WHEN A COURT DECIDES AN ACTION BROUGHT AS A SPECIAL PROCEEDING SHOULD HAVE BEEN BROUGHT AS A PLENARY ACTION, THE ACTION SHOULD NOT BE DISMISSED BECAUSE IT WAS BROUGHT IN THE WRONG FORM; THE PETITION SOULD BE DEEMED A COMPLAINT, NOT A MOTION FOR SUMMARY JUDGMENT (FIRST DEPT).
The First Department, reversing Supreme Court, determined the special proceeding should have been converted to a plenary action, not dismissed. Once converted the petition is deemed a complaint, not a motion for summary judgment:
Supreme Court should have converted the special proceeding into a plenary action rather than dismissing the petition, as CPLR 103(c) “prohibits dismissal of [a] proceeding solely on the ground that it was not brought in the proper form” … .

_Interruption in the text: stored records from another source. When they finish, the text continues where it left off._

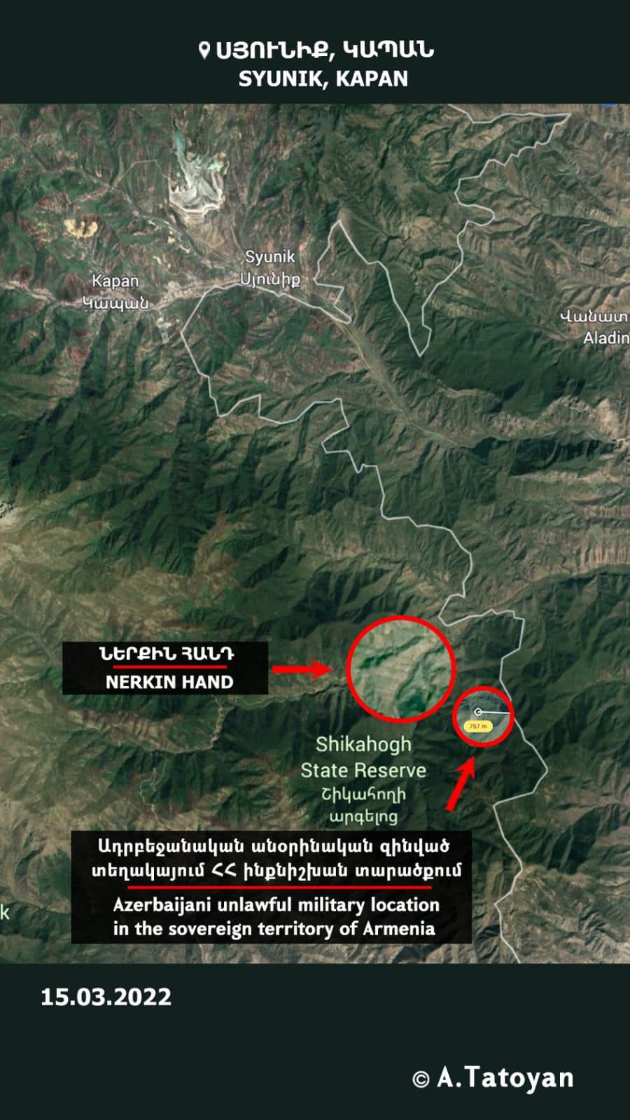 ՀասարակությունԱյս պահին կա Հայաստանի տարածք ադրբեջանական զինված ոչ թե 3, այլ 4 ներխուժում։ Այս մասին ֆեյսբուքյան իր էջում գրառում է արել ՀՀ մարդու իրավունքների նախկին պաշտպան Արման Թաթոյանը։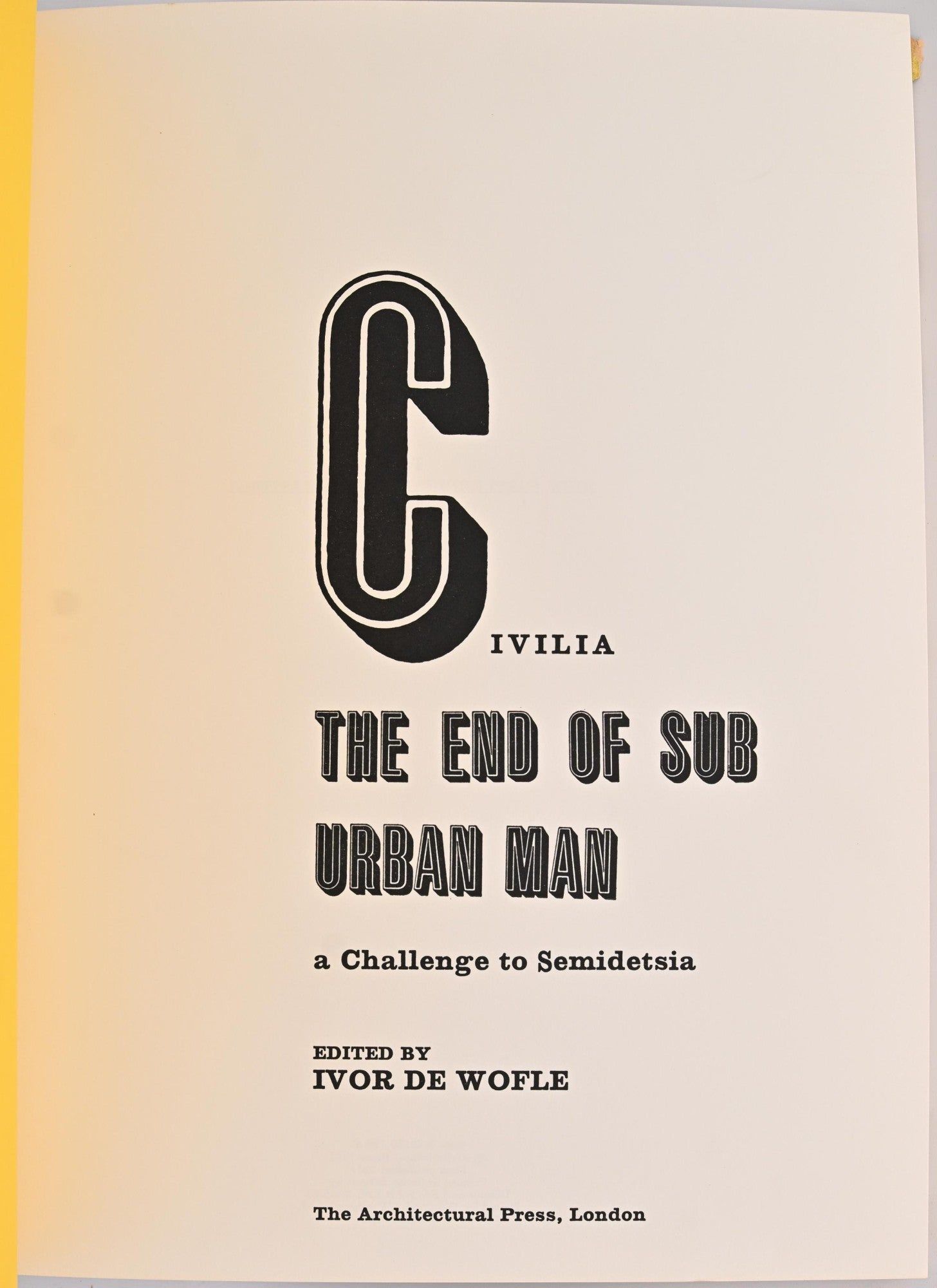London: The Architectural Press, 1971. First Edition. Hard Cover. Very Good binding/Very Good dust jacket. Quarto; in yellow linen boards with titling in gold; and with dustjacket; [2], 156 pages (4 folded), with illustrations and maps, some in color.~~An uncommon title by the great promoter of modernism. Hastings edited Architectural Review and wrote several articles for it as well as books under the pseudonym, Ivor De Wolfe. This copy with a press release from The Architectural Press laid in, as well as three photo collages by Hastings. Very Good binding / Very Good dust jacket.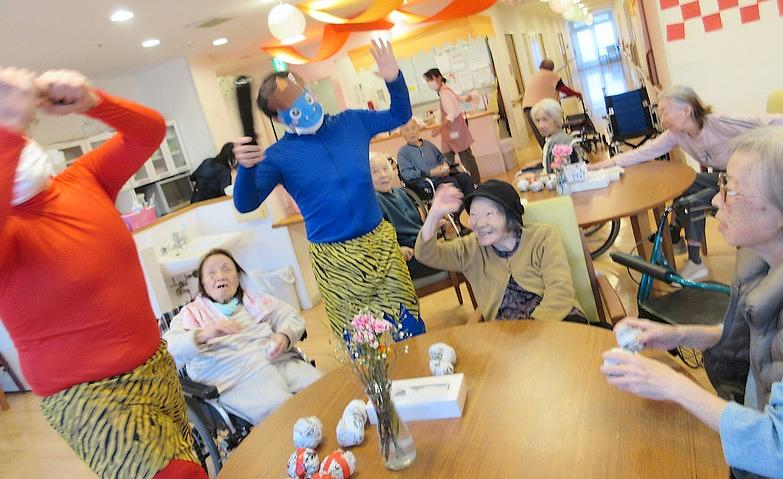 通常週5回、ちぎり絵や歌声談話室、おやつ作り、近隣の学生との交流などのさまざまなアクティビティや、納涼祭やクリスマス会などの季節のイベントを開催しています。
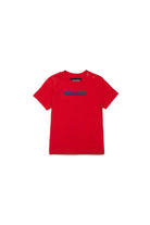 T-Shirt aus 100% Baumwolle mit Dsquared2-Logo auf der Brust. Das Modell verfügt über kurze Ärmel und eine praktische Knopfleiste an der Schulter.

… [W]e decline petitioner’s request to construe the petition and answer as summary judgment papers and to summarily adjudicate his remaining claims at this stage. When a special proceeding is converted into a plenary action in accordance with CPLR 103(c), the petition is deemed a complaint, not a motion for summary judgment … . Zanani v Scott Seidler Family Trust, 2023 NY Slip Op 00836, First Dept 2-14-23
Practice Point: Here the action should not have been dismissed solely because it was in the wrong form. The special proceeding should have been brought as a plenary action. The petition should be deemed a complaint, not a motion for summary judgment.